Copyright activist Neil Turkewitz sees it as a “speed bump” for AI generators, not an industrywide fix. “I think they’re great. They should be developed, and people should use them,” Turkewitz says. “And it’s absolutely essential we don’t view these technical measures as the solution.”
“I applaud attempts to develop tools to help artists,” Crabapple says. “But they ultimately put the burden on us, and that’s not where it should be. We shouldn’t have to play whack-a-mole to keep our work from being stolen and regurgitated by multibillion-dollar companies. The only solution to this is a legislative one.”

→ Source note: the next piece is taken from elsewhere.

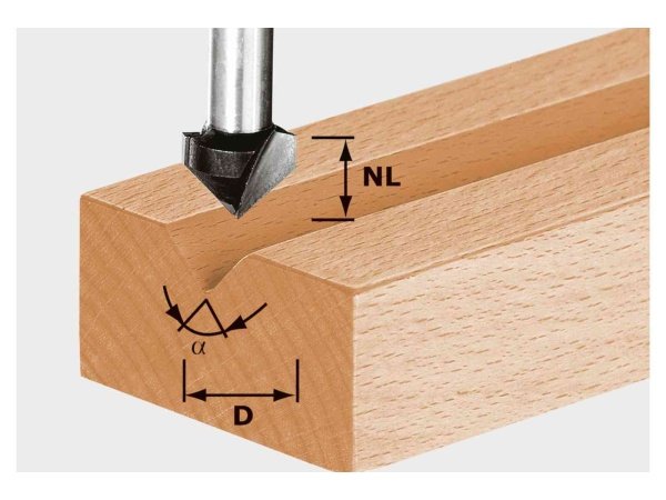 Festool v-notfræser HS S8 D14/7/90grad 490998. V-notfræser til overfræser, der fås i 2 forskellige vinkler, til fremstilling af pyntenoter.

A larger-scale, permanent change in how generators train will likely need to come from governments; it is highly unlikely that the larger generative AI companies will stop web scraping voluntarily. Some are attempting to ameliorate critics by creating opt-out features, where people who don’t want their work to be used can ask to be removed from future training sets. These measures have been viewed as half-baked at best by many artists, who want to see a world in which training takes place only if they’ve opted into participation.
To make matters worse, companies have started developing their own opt-in protocols one by one rather than settling on a common system, making it time-consuming for artists to withdraw their work from each individual generator. (Spawning previously worked on an early opt-out tool for Have I Been Trained? but sees the fragmentation as “disappointing,” according to Meyer.)
The European Union has come the furthest in developing legal frameworks for artistic consent to AI training. “It’s going incredibly well,” Toorenent says. She is optimistic that the AI Act could be the beginning of the end of the training free-for-all. Of course, the rest of the planet would have to catch up—and the AI Act would help artists enforce choices to opt out, not shift the model to opt-in. In other words, the world is a long, long way off from the dream of an opt-in training structure becoming a reality. In the meantime—well, there’s Kudurru.